Weighted Spectral Cluster Ensemble
Muhammad Yousefnezhad, Daoqiang Zhang

TL;DR
This paper introduces Weighted Spectral Cluster Ensemble (WSCE), a robust clustering framework that leverages community detection concepts and graph-based methods to improve ensemble performance without relying on heuristic thresholds.
Contribution
It proposes a novel WSCE framework using modularity for diversity estimation and a new spectral clustering method, addressing key issues in existing cluster ensemble techniques.
Findings
WSCE outperforms state-of-the-art methods in various datasets.
The approach effectively estimates diversity without thresholding.

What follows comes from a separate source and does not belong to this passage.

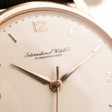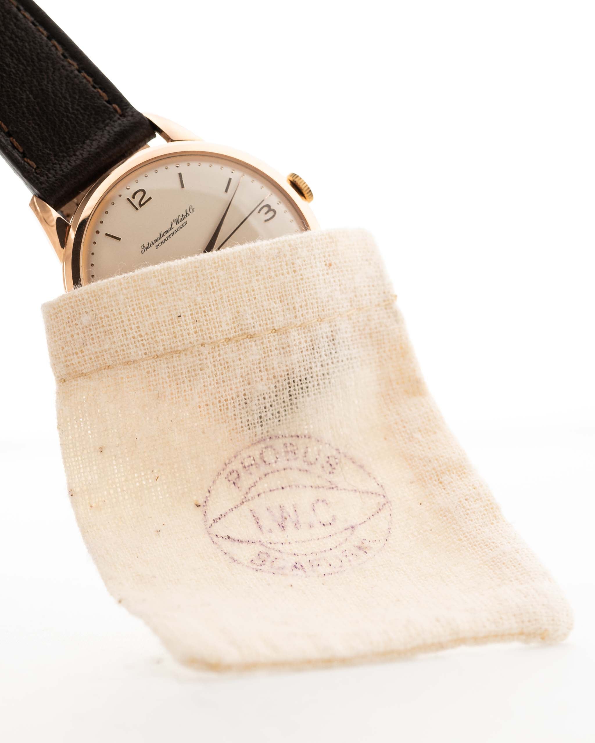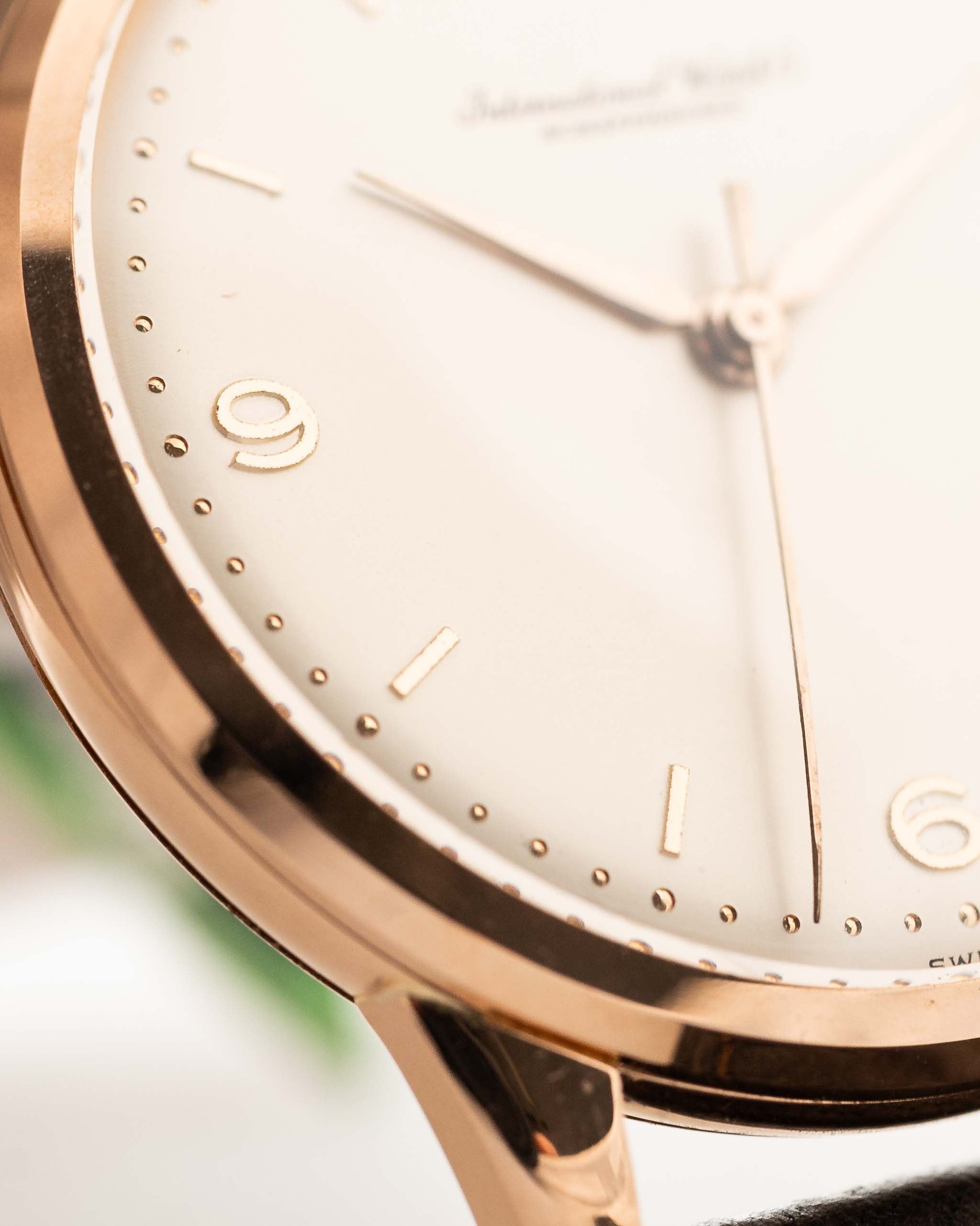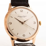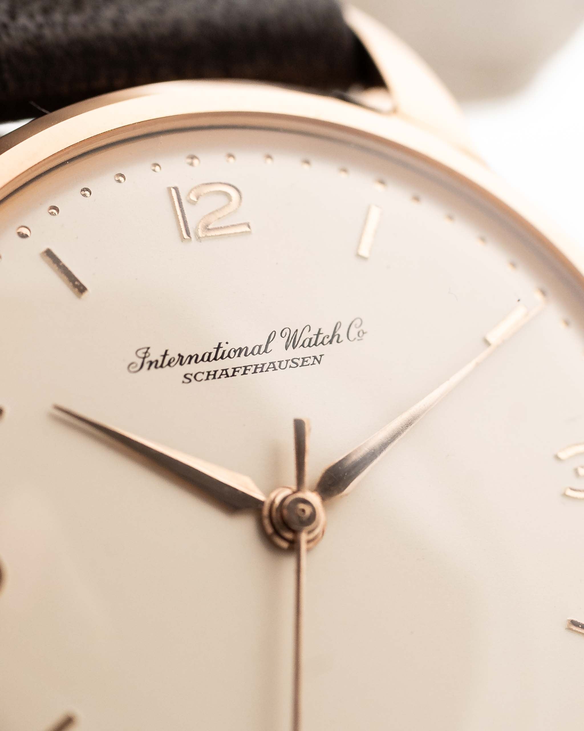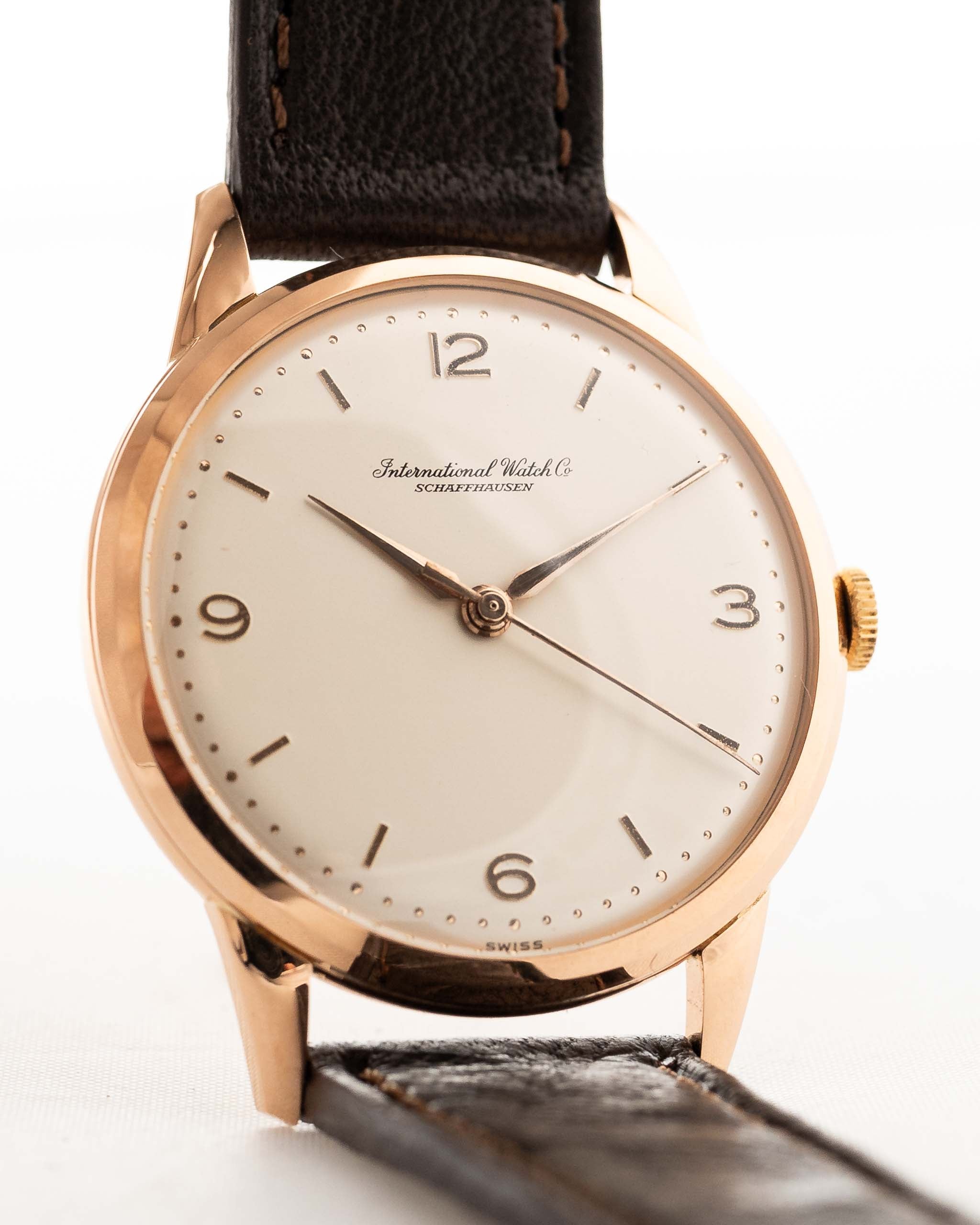 IWC has produced a very wide variety of wristwatches from an early time ranging from dress watches to aviation watches. This example, in 18k rose gold with it's white/silver dial with twelve, three, six nine layout would remain a constant in anyone's collections, especially as it comes with beautiful slight down turned lugs.

Experimental results validate the robustness of the proposed method.
Abstract
Clustering explores meaningful patterns in the non-labeled data sets. Cluster Ensemble Selection (CES) is a new approach, which can combine individual clustering results for increasing the performance of the final results. Although CES can achieve better final results in comparison with individual clustering algorithms and cluster ensemble methods, its performance can be dramatically affected by its consensus diversity metric and thresholding procedure. There are two problems in CES: 1) most of the diversity metrics is based on heuristic Shannon's entropy and 2) estimating threshold values are really hard in practice. The main goal of this paper is proposing a robust approach for solving the above mentioned problems. Accordingly, this paper develops a novel framework for clustering problems, which is called Weighted Spectral Cluster Ensemble (WSCE), by exploiting some concepts from…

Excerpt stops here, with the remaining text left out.